Quote Originally Posted by Cavguy View Post
As an Armor guy, I'm not shedding any tears for the demise of FCS. Its fundamental assumptions were invalid - namely - that "information=force protection", and risk could be assumed with armor in favor of deployability. If "information dominance" would protect us, we wouldn't be losing soldiers to IED's. Like EBO, FCS tried to eliminate fog and friction from war, instead of embracing it and developing systems to compensate.

Combat experience in Iraq, Afghanistan (CDN), and Israel have all demonstrated the necessity of heavy armor in urban combat. I am all for a recapitalized fleet and new vehicles with less maintenance/logistics requirements, but not at the expense of combat effectiveness. One size fits all approaches rarely work well, we need a mix of high/low capabilities.
Agree totally and completely. A key phrase used by Gates, that I doubt any of the media picked up on, was "full spectrum." Based on the new FM 3-0, that has a very specific meaning - and I hope he was revealing his intent when he used it.

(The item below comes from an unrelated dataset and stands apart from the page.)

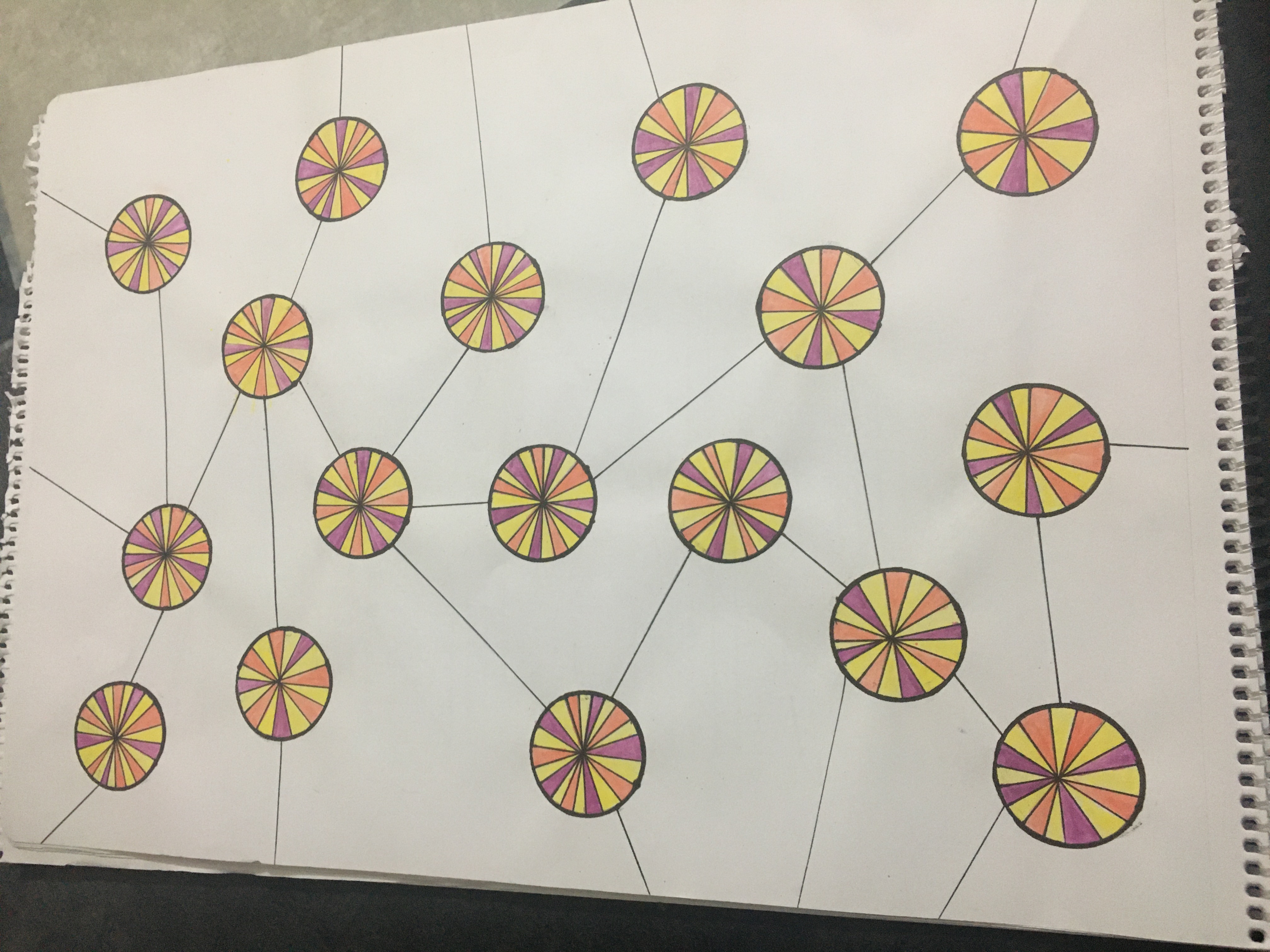 And I made some drawings. First, I made pattern designs. I let it happen. Whatever my hands wanted to do. I used round and straight line together in one of the patterns. I also cut the circles into slices and paint each one separately. Round and straight line contrast. I think it's a nice fit.

Quote Originally Posted by Cavguy View Post
Not necessairly, as you need both capabilities. What matters is how we organize. Do we need large armored formations for COIN? No. Do we need heavy armor to support troops in COIN? Absolutely.

I wrote a post awhile back on how I tasked organized a heavy company team for COIN - and thought it was pretty successful and flexible. It provided dismounted ability to engage the population with the firepower needed to support those dismounted troops when the sh*t hit the fan (and potentially discourage those who saw an easy and exposed target.

My flexible MTOE with the ability to customize forces to the mission was the key ingredient. My tankers sometimes used the tanks and sometimes acted as infantry. My mech guys did all kinds of varied tasks, as did the combat engineers. The mission/environment dictated our equipment set, not the other way around.

One of my big pushes is doing a better job at executing up front system analysis to translate desired capabilities into system functions that support the intended doctrine. That means evaluating effectiveness across the entire spectrum, a wide variety of missions, and working with the user community to provide systems that have the kind of flexibility to let you do that.